§ **BRIEF**
Could you retype the lines below, starting at the line holding "Kadın Gecelik Sabahlık" and stopping at the line holding "New fashion women's", inclusive? Copy them exactly and drop the images.

§ **ENTRIES PROVIDED**
+===+

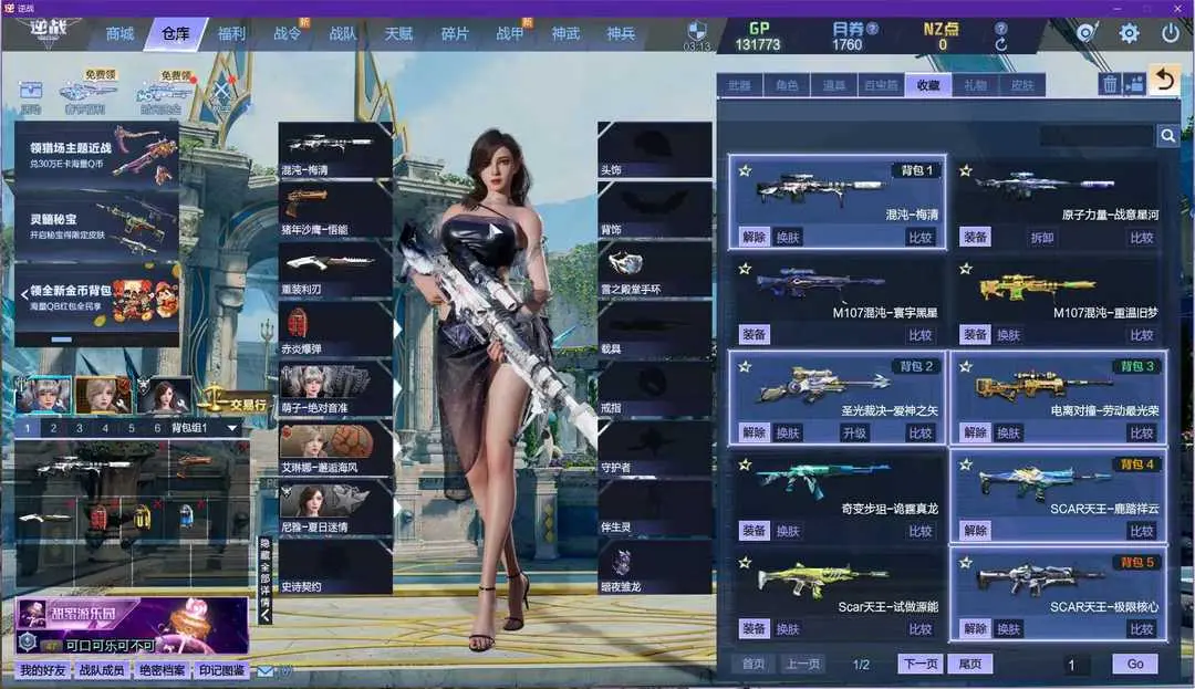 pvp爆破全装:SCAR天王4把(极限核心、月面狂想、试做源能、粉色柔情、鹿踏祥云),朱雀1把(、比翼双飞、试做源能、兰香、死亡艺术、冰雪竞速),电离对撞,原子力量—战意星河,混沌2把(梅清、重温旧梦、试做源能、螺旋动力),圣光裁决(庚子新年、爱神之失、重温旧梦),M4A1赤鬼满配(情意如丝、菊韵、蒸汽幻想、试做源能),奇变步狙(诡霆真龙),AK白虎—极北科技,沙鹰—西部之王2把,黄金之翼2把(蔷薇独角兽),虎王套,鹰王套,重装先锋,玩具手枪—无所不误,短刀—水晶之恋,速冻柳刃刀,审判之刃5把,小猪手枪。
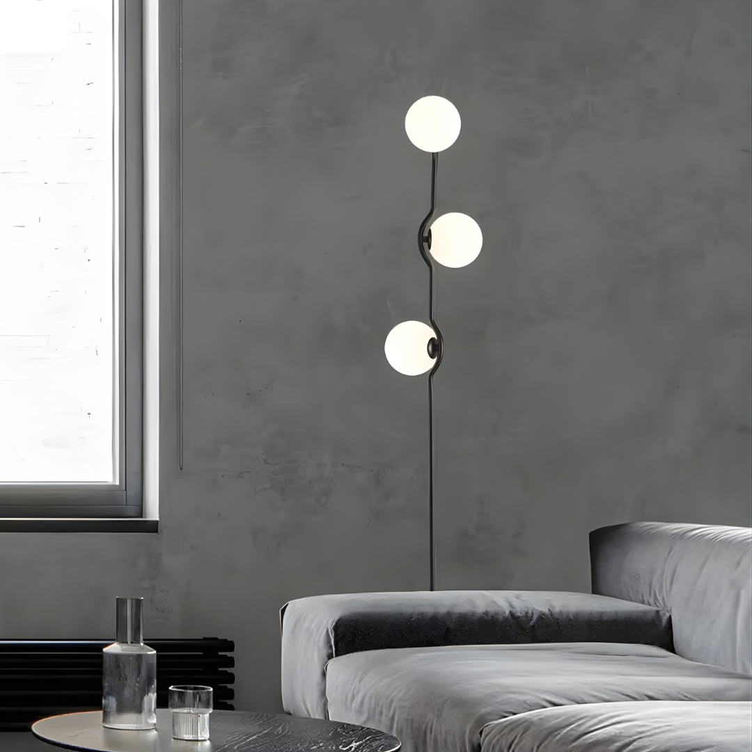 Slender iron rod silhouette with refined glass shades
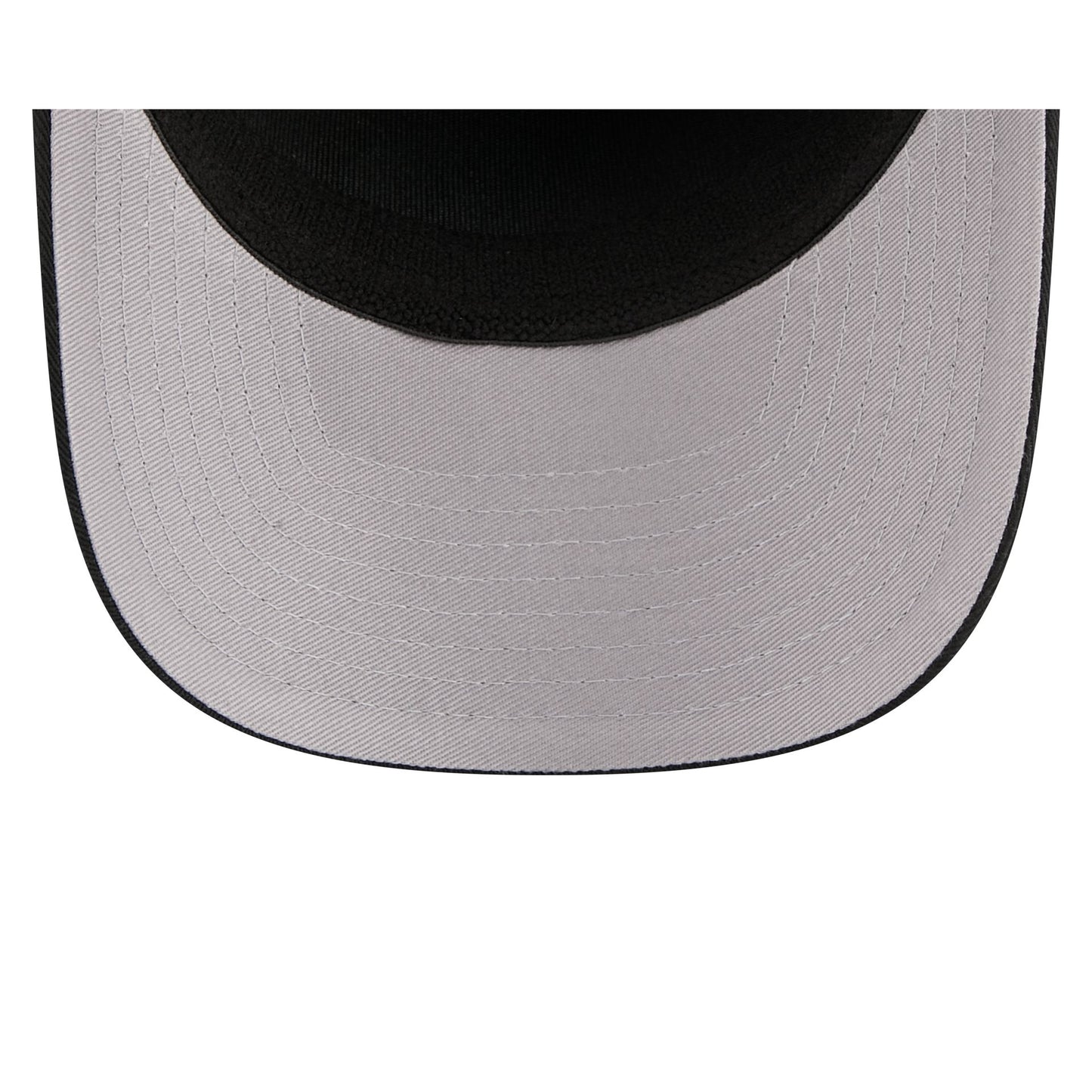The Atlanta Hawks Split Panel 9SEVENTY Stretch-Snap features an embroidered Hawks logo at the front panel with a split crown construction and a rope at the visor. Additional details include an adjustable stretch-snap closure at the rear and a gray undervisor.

+===+

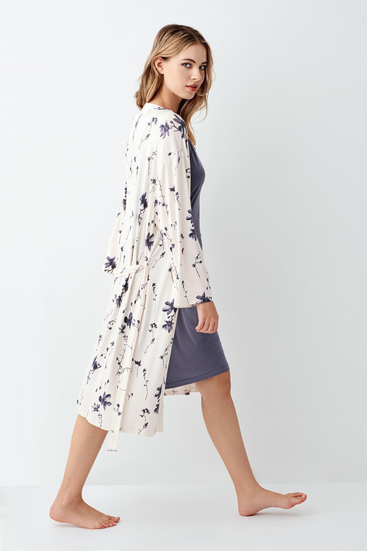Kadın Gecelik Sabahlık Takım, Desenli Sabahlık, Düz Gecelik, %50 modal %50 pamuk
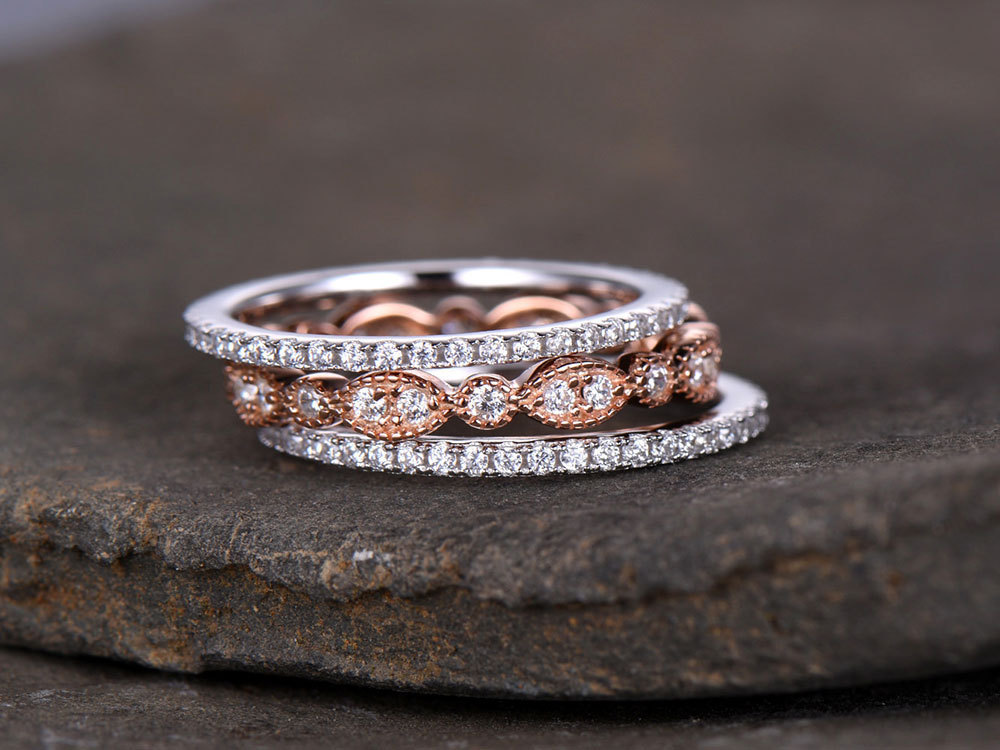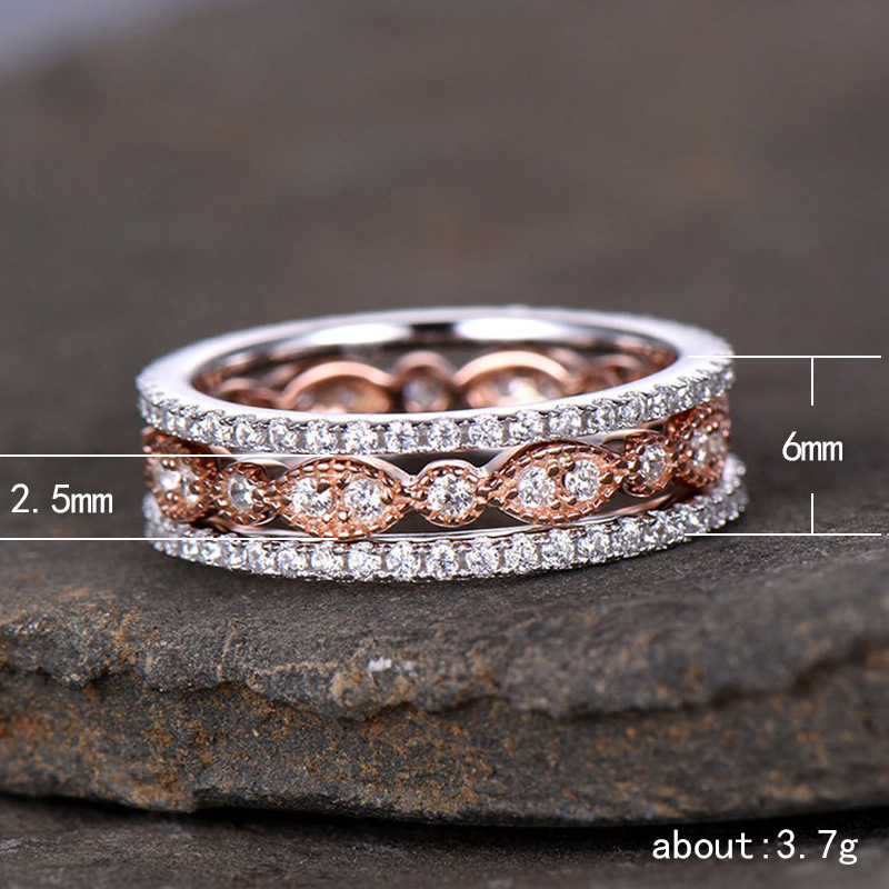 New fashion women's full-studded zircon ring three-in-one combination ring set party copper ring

+===+

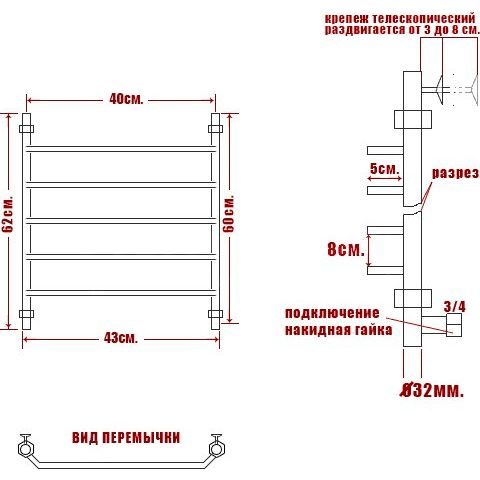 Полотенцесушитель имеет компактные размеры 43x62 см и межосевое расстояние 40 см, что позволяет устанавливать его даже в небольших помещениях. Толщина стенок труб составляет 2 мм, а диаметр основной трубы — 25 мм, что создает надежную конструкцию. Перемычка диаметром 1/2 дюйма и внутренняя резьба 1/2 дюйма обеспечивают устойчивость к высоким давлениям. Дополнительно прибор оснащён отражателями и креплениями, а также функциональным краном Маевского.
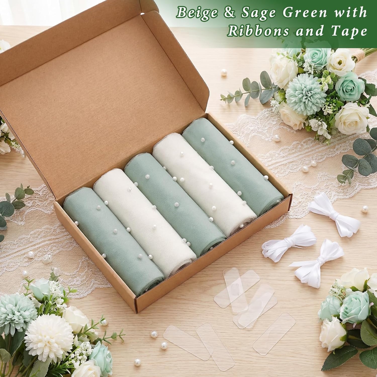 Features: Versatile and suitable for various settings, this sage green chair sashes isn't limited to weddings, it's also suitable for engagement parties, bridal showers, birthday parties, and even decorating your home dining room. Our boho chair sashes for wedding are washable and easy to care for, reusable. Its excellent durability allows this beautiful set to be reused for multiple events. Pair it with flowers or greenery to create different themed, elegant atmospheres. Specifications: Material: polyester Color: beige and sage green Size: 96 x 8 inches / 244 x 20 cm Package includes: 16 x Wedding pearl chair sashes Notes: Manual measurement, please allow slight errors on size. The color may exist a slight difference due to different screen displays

+===+

§ **SOLVED EXERCISE**
Kadın Gecelik Sabahlık Takım, Desenli Sabahlık, Düz Gecelik, %50 modal %50 pamuk
 New fashion women's full-studded zircon ring three-in-one combination ring set party copper ring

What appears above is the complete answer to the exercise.